Re: Reducing planning time on tables with many indexes - Mailing list pgsql-hackers

From David Geier
Subject Re: Reducing planning time on tables with many indexes
Date
Msg-id 21803d4b-d5e2-58a5-d920-97d285bf571b@gmail.com
Whole thread Raw
In response to Re: Reducing planning time on tables with many indexes  (David Geier <geidav.pg@gmail.com>)
Responses Re: Reducing planning time on tables with many indexes
List pgsql-hackers
On 8/1/22 15:33, David Geier wrote:
Hi Tom,

On Wed, Jul 27, 2022 at 7:15 PM Tom Lane <tgl@sss.pgh.pa.us> wrote:
I wrote:
> Unfortunately, as things stand today, the planner needs more than the
> right to look at the indexes' schemas, because it makes physical accesses
> to btree indexes to find out their tree height (and I think there are some
> comparable behaviors in other AMs).  I've never particularly cared for
> that implementation, and would be glad to rip out that behavior if we can
> find another way.  Maybe we could persuade VACUUM or ANALYZE to store that
> info in the index's pg_index row, or some such, and then the planner
> could use it with no lock?
It seems like _bt_getrootheight() first checks if the height is cached and only if it isn't it accesses index meta pages.
If the index locks are only taken for the sake of _bt_getrootheight() accessing index meta pages in case they are not cached, maybe the index locks could be taken conditionally.
However, postponing the call to where it is really needed sounds even better.

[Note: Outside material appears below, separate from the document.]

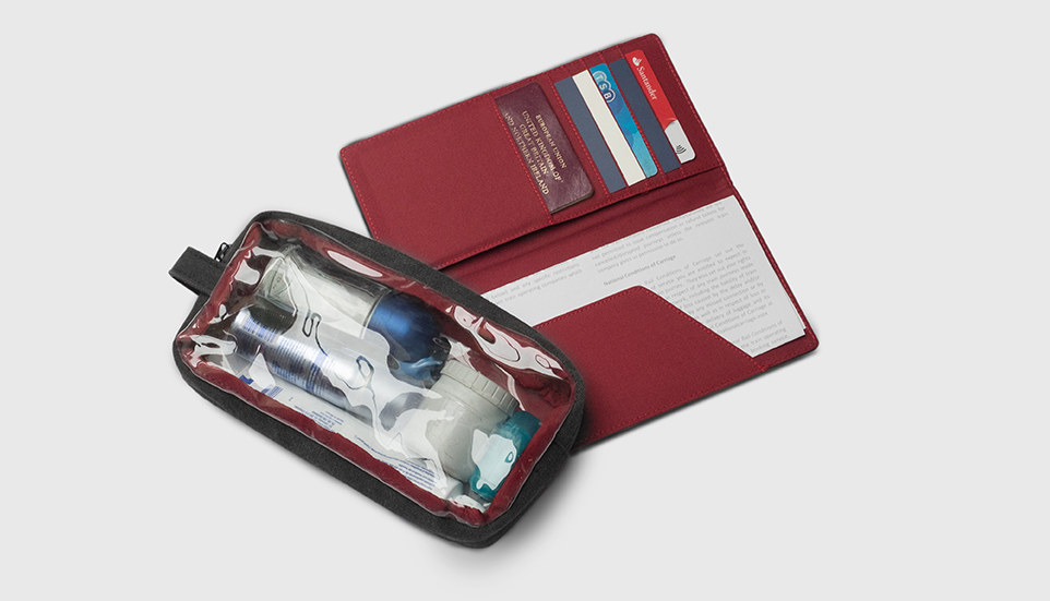 - Porta documenti: costriuto con gli stessi materiali dello zaino e con una protezione RFID.

A first step here could just be to postpone fetching _bt_getrootheight()
until we actually need it during cost estimation.  That would avoid the
need to do it at all for indexes that indxpath.c discards as irrelevant,
which is a decision made on considerably more information than the
proposed patch uses.

Hi Tom,

I gave the idea of moving _bt_getrootheight() into costsize.c and filling IndexOptInfo in get_relation_info() via syscache instead of relcache a try, but didn't get very far.
Moving out _bt_getrootheight() was straightforward, and we should do nevertheless. However, it seems like get_relation_info() strongly depends on the index's Relation for quite some stuff. A fair amount of fields I could actually fill from syscache, but there are some that either need data not stored in syscache (e.g. estimate_rel_size(), Relation::rd_smgr needed by RelationGetNumberOfBlocksInFork()) or need fields that are cached in the index's Relation and would have to be recomputed otherwise (e.g. Relation::rd_indexprs filled by RelationGetIndexExpressions(), Relation::rd_indpred filled by RelationGetIndexPredicate()). Even if we could somehow obtain the missing info from somewhere, recomputing the otherwise cached fields from Relation would likely cause a significant slowdown in the serial case.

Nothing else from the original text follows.